Source data
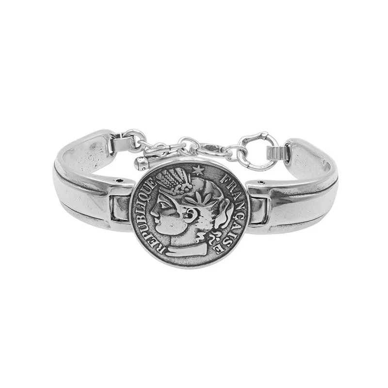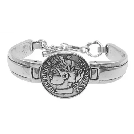 Un diseño semi rígido bañado en plata con motivo central de moneda. Una nueva pieza que se añade a nuestra colección France, top ventas desde hace años.
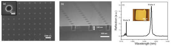 The design of the 2D PCS was done using Stanford Stratified Structure Solver (S4) software package [44]. According to our previous studies [32,42,43], Si PCS with lattice constant, a = 976 nm, air hole radius, r = 75 nm, and Si slab thickness, t = 240 nm leads to a center wavelength of Fano resonance around 1500 nm and presents a detection limit around 10−5–10−6 RIU. The PCS was first fabricated on a SOI substrate using e-beam lithography (EBL) and reactive-ion etching (RIE) [45]. Scanning electron micrograph (SEM) images of the fabricated device are presented in Figure 2a,b.
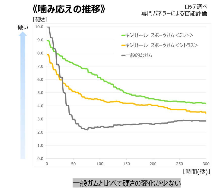 (*1)当社の一般的な食感のガムと比較して硬さの変化が少ないこと(ロッテ調べ)

Prompt
Skipping the images, write out the whole listing exactly.

Answer below
 Un diseño semi rígido bañado en plata con motivo central de moneda. Una nueva pieza que se añade a nuestra colección France, top ventas desde hace años.
 The design of the 2D PCS was done using Stanford Stratified Structure Solver (S4) software package [44]. According to our previous studies [32,42,43], Si PCS with lattice constant, a = 976 nm, air hole radius, r = 75 nm, and Si slab thickness, t = 240 nm leads to a center wavelength of Fano resonance around 1500 nm and presents a detection limit around 10−5–10−6 RIU. The PCS was first fabricated on a SOI substrate using e-beam lithography (EBL) and reactive-ion etching (RIE) [45]. Scanning electron micrograph (SEM) images of the fabricated device are presented in Figure 2a,b.
 (*1)当社の一般的な食感のガムと比較して硬さの変化が少ないこと(ロッテ調べ)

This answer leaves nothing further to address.